2025, Nov 07 23:00

Remove per-group linear trend in Polars using Struct, map_batches, and over to add residuals without loops

Learn how to remove a per-group linear trend in Polars by computing residuals with Struct, map_batches and over, preserving the DataFrame shape without loops.

Fitting and removing a linear trend per group is a common preprocessing step, but it’s easy to fall into a loop-and-concat pattern that discards the strengths of a columnar engine. The goal here is simple: for each combination of GROUP1 and GROUP2, fit a line on X and Y, subtract the fit from the original Y, and keep the original shape with one extra residual column.

Problem setup

The straightforward implementation loops groups, runs a linear fit, computes residuals, and concatenates the partial results. It works, but it doesn’t leverage group-aware expressions or windowing, and it requires manual concatenation.

import polars as pl
import numpy as np

# Example frame
data = pl.DataFrame(
    {
        "GROUP1": [1, 1, 1, 2, 2, 2],
        "GROUP2": ["A", "A", "A", "B", "B", "B"],
        "X": [0.0, 1.0, 2.0, 0.0, 1.0, 2.0],
        "Y": [5.0, 7.0, 9.0, 3.0, 4.0, 6.0],
    }
)

# Looping implementation
def remove_linear_trend_per_group(frame: pl.DataFrame) -> pl.DataFrame:
    parts = []
    for _, chunk in frame.group_by(["GROUP1", "GROUP2"]):
        xx = chunk["X"].to_numpy()
        yy = chunk["Y"].to_numpy()

        slope, intercept = np.polyfit(xx, yy, 1)
        resid = yy - (slope * xx + intercept)

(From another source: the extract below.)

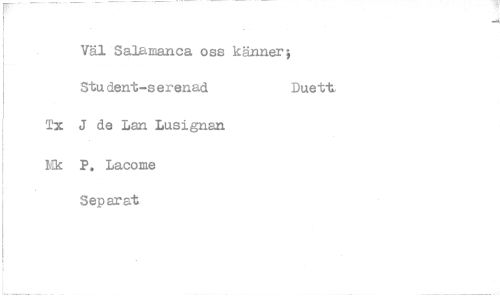 //// Väl Salamanca oss känner Stu dent-serenad Tx J de Lan Lusignan //// Mk P. Lacome Separat //// Duett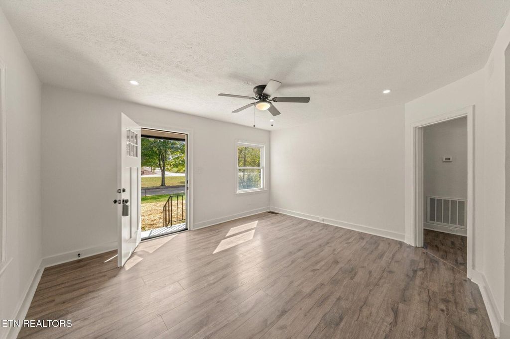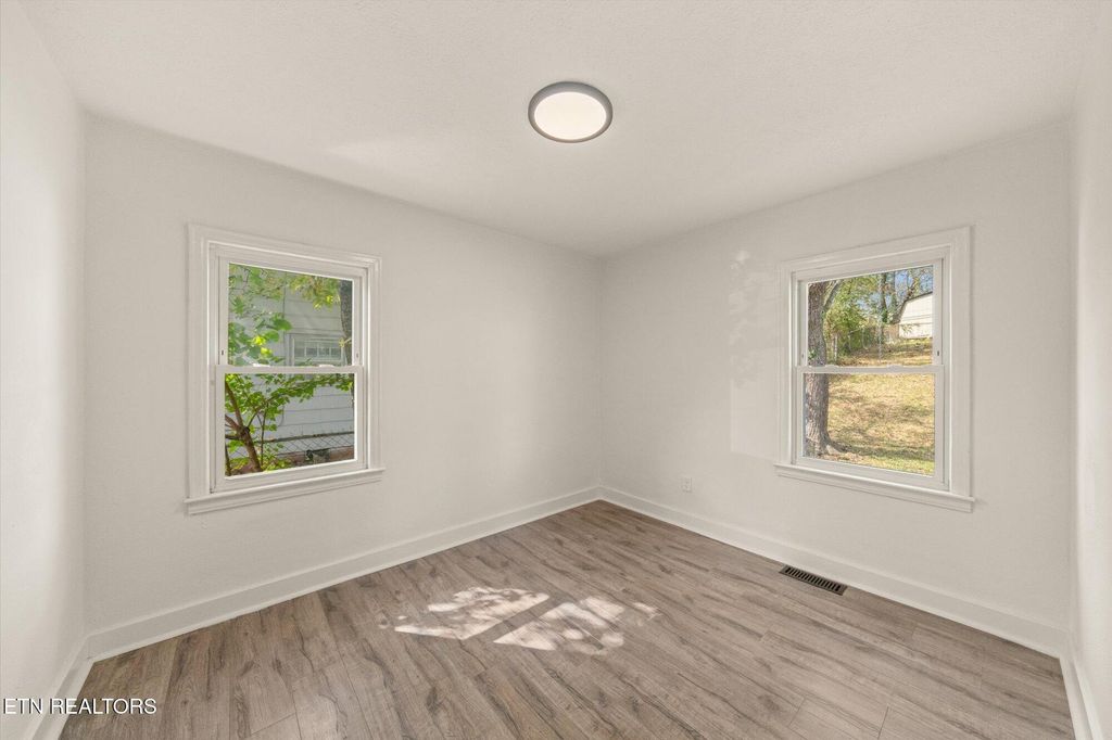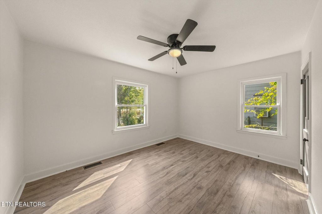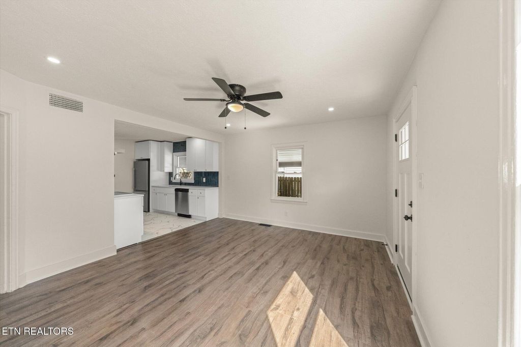 Step inside this newly renovated 2-bedroom, 1-bathroom home featuring a perfect blend of modern charm and timeless design. The inviting open-concept living room and kitchen boast abundant natural light from new vinyl windows, highlighting the bright interior that contrasts beautifully with the home's moody exterior. The kitchen is a showpiece with white shaker cabinetry, quartz countertops, gold accent hardware, a sleek ceramic tile backsplash, floating range vent, flat-top stove, and stainless-steel appliances. Elegant marbled LVP tile, black-accented doors and fixtures, and craftsman-style trim add a sophisticated touch throughout. Both bedrooms are generously sized and newly updated with fresh paint, lighting, and LVP flooring. The bathroom showcases a new vanity, toilet, and tub surrounded by modern finishes. Every detail has been refreshed"”including gutters, siding, front door, outlets, switches, LED puck lights, ceiling fan, and more"”making this home completely move-in ready. Enjoy outdoor living in the fenced backyard with a private patio, mature trees, and a two-car carport. Conveniently located just minutes from downtown Knoxville, I-640 and I-40, Whittle Springs Golf Course, local shopping, and dining. Directly across the street from Boright Park with walking paths, a playground, benches, and shaded green space"”this home offers both comfort and convenience in an ideal setting.

        parts.append(chunk.with_columns(pl.Series("residual", resid)))
    return pl.concat(parts)

out = remove_linear_trend_per_group(data)
print(out)

Why this is not ideal

When you reach for group_by().agg(), you inevitably summarize each group, which collapses rows and loses the original shape. Using with_columns without a group context also won’t help, because you need the linear fit to be computed per group, then applied back to each row of that same group. The loop-and-concat approach preserves the height, but it prevents you from expressing the logic as a single declarative pipeline and sidesteps the engine’s ability to operate over groups efficiently.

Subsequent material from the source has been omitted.